The search and retrieval of said data can be accomplished using any
combination of fulltext search, semantic search and meta-data
search to identify, locate and retrieve the data. Furthermore, the
same search methods may be used to create data sets for use by
other systems and programs.
[0038] With reference now to FIG. 1 of the Drawings, there is
illustrated therein a distributed data management system, generally
designated by the reference numeral 100. An Application Engine 300
containing one or more Apps 340, each App 340 able to communicate
with a given Data Source 200, obtains data from the Data Source 200
using one or more methods applicable to the Data Source 200. Once
the data is obtained from the Data Source 200, the App 340 maps
some or all of the data to an interlingual representation and
transmits both the mapped data and the original source data to a
Semantic Data Container 400 through a Secure Interface 420.
[0039] Data received from the App 340 by the Semantic Data
Container 400 through the Secure Interface 420 is transmitted to an
Archiver 440 and Indexer 460. The Archiver 440 stores both the
mapped data and the original source data in one or more locations
specified by the user. The Indexer 460 stores the mapped data
provided by the App 340 in one or more databases and parses the
source data using a variety of techniques including fulltext
indexing, semantic indexing and domain specific meta-data indexing.

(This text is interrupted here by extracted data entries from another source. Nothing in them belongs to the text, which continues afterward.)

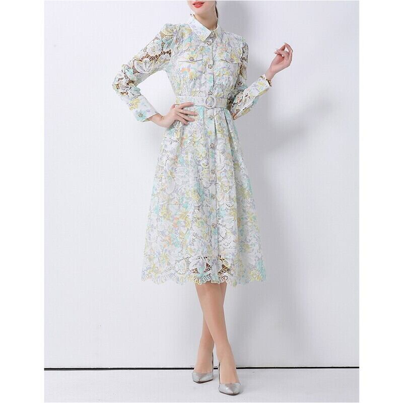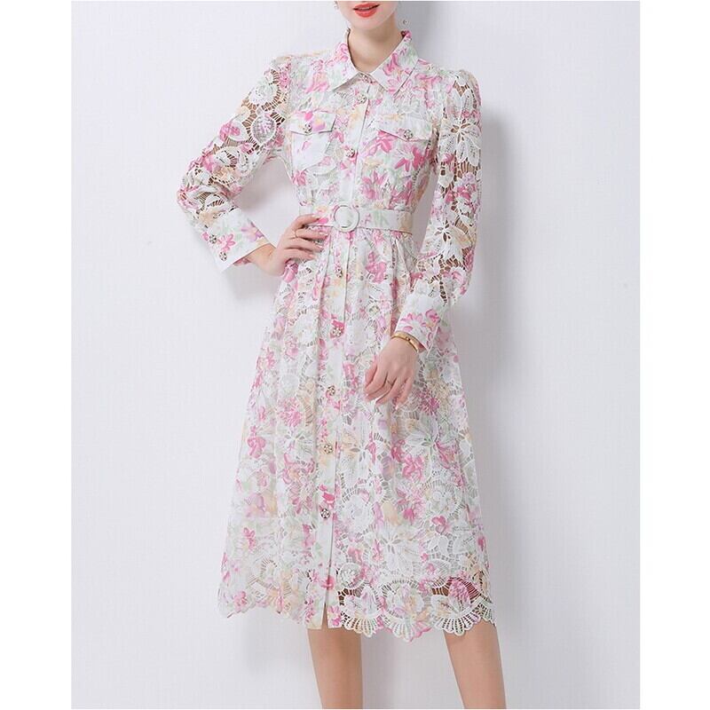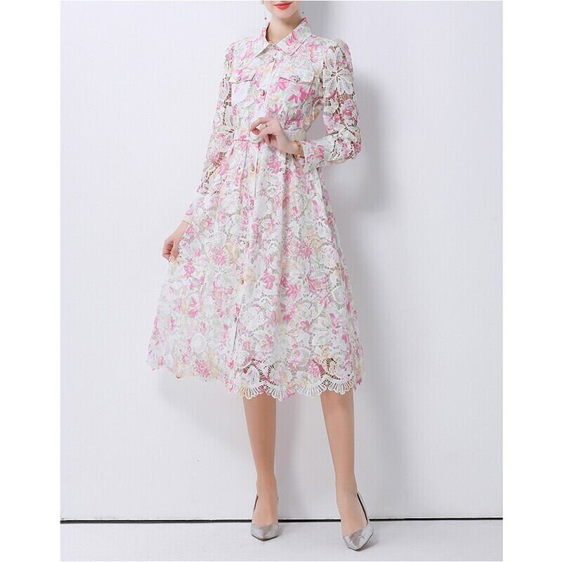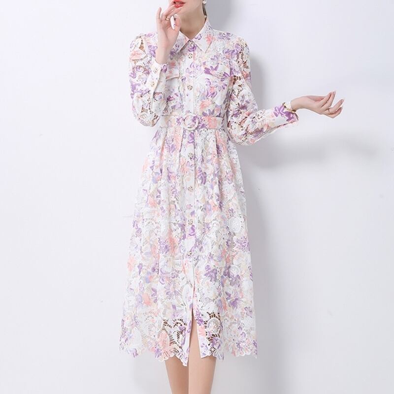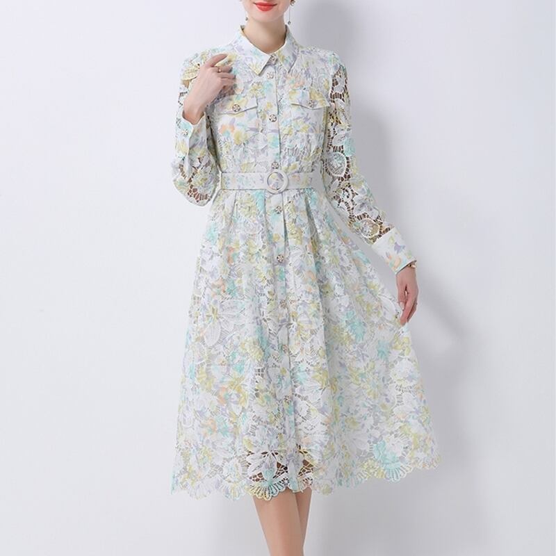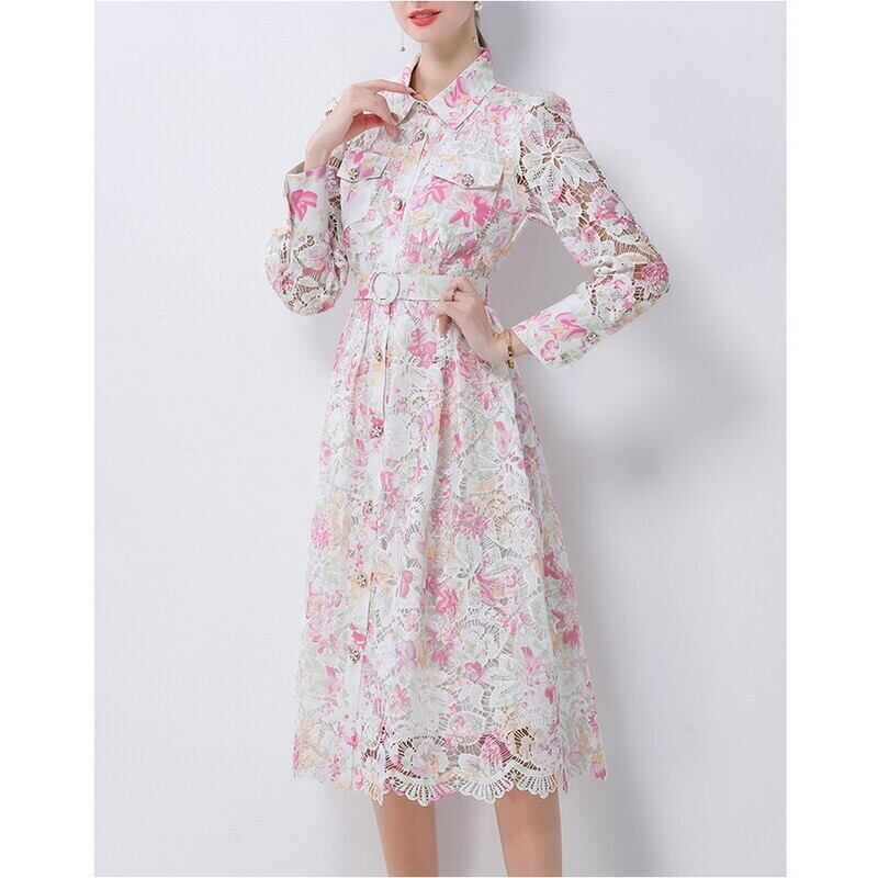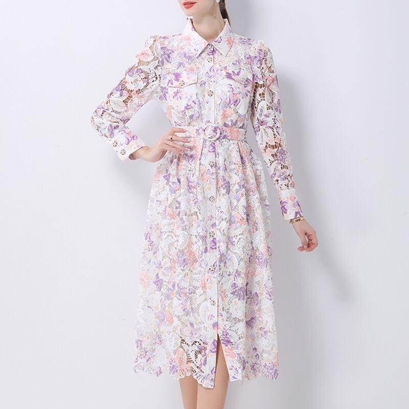 淡い配色の総レースにウエストのベルトが映えるシアードレスです。袖まわりのレースの透け感が大人可愛い印象を演出します。普段使いから特別な日のコーディネートまで幅広く活躍する一着です。カジュアルなシャツワンピース仕立てのAラインスカートで、膝が隠れるミディアム丈は体型を自然にカバーしてくれます。どんなシーンでも目を引く存在感を発揮しますので、ぜひお試しください!
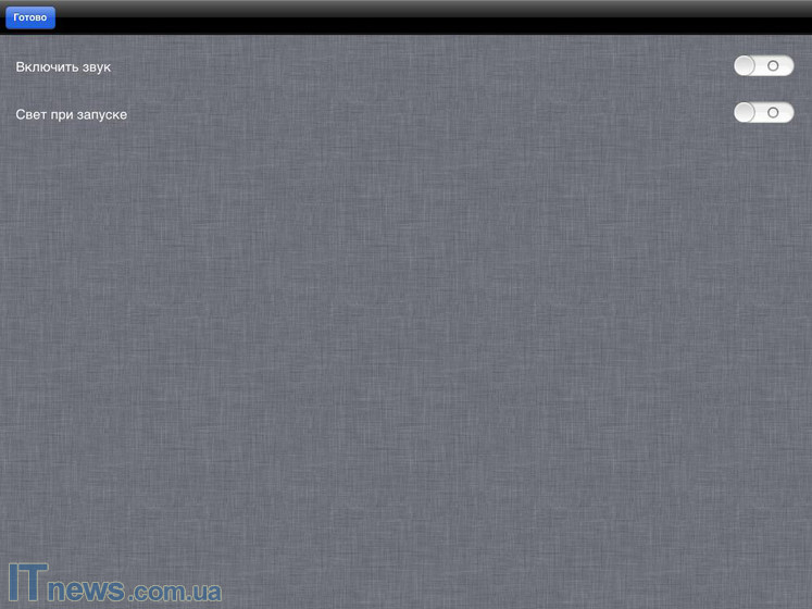 Что же по части настроек, их в данном приложении немного. Например, нажав на небольшую кнопку вверху справа, которая обозначена двумя зубчатыми колесиками, пользователь переходит в небольшое подменю, где может активировать звуковые сигналы работы приложения, а также активировать свет при запуске. Чтобы заработало и первое, и второе, достаточно уже передвинуть соответствующие ярлыки.
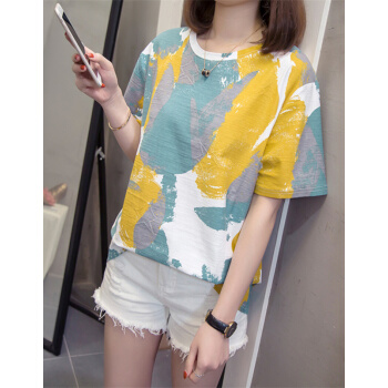 云妆蝶梦短袖t恤女大码女装棉麻2020新款夏季学生t恤卫衣显瘦减龄宽松半袖上衣女 黄色 L(建议90-120斤) |
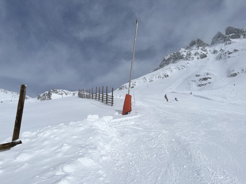 Due to the southerly exposure, coverage can be limited on the resort’s lower slopes even though the terrain is mostly above 1600 m (5249 ft). Grass can often show on the off-piste sections during dry spells. However, the resort maintains excellent snowmaking capabilities; the necessary pistes are always covered throughout the season.
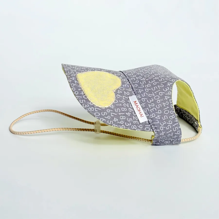 午後陽光輕灑在米黃色的布面上,淺灰色愛心拼布細緻點綴,
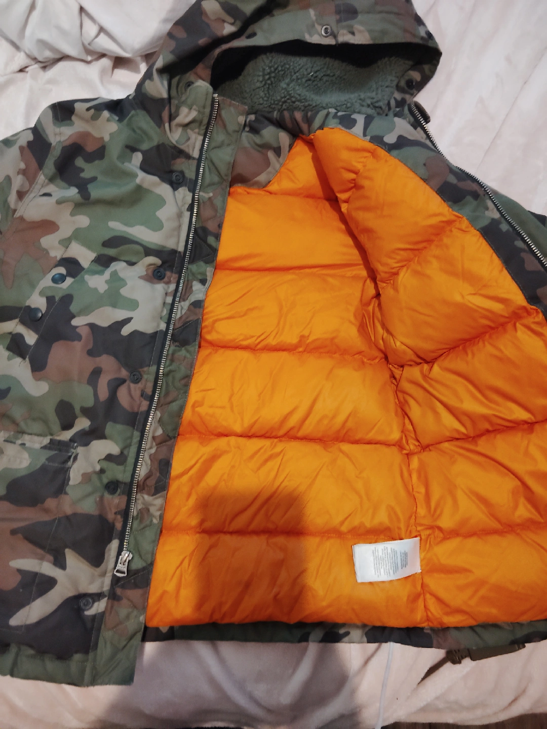 Selling a Polo Ralph Lauren puffer jacket with a camouflage pattern and a bright orange lining. It's in great condition and ready for a new owner! Perfect for staying warm and stylish.

Once parsed and indexed, the resulting data is also stored by the
Indexer 460, using a database client 424 in one embodiment, in one
or more databases.
[0040] Upon completion of this process, the data is available for
search, reporting and analytics purposes by a Search User 500. The
Search User 500 accesses the data through a Web Server 422 using a
browser. Queries from the Search User 500 are processed by a
Database Client 424 providing fulltext search, semantic search and
domain specific meta-data search capabilities in any combination.
The data returned by the search may be displayed in the Search
User's 500 browser or exported to a location specified by the
Search User 500. Alternatively, an Automated Program 600 may be
used to query the data and extract search results in the forms of
lists, reports or data sets.
[0041] A Sandbox 380 is contained within the Application Engine 300
for purposes of testing each App 340 created by a developer. The
Sandbox 380 contains the software tools necessary to create an App
340. The Sandbox 380 also contains an instance of a Semantic Data
Container 400 provided specifically for the purpose of allowing a
developer to test and verify each step of the data acquisition,
mapping, loading, archiving, indexing and search process prior to
making the App 340 operational.
[0042] With reference now to FIG. 2 of the Drawings, there is
illustrated therein a distributed data management system, generally
designated by the reference numeral 100. An App 340 within the
Application Engine 300 uses a Connector 342 to communicate with a
Data Source 200, obtaining data from the Data Source 200 using one
or more methods applicable to the Data Source 200. Such methods for
obtaining data from the Data Source 200 may actively pull data from
the Data Source 200 or passively receive data from the Data source
200, or both. An example of actively pulling data from the Data
Source 200 is the use, by the Connector 342, of event triggers and
stored procedures to obtain data from a relational database as is
the case with data sources such as Microsoft SharePoint. An example
of passively receiving data from the Data Source 200 is the use, by
the Connector 342, of network connections to obtain data from a
socket connection as is the case with data sources such as Twitter.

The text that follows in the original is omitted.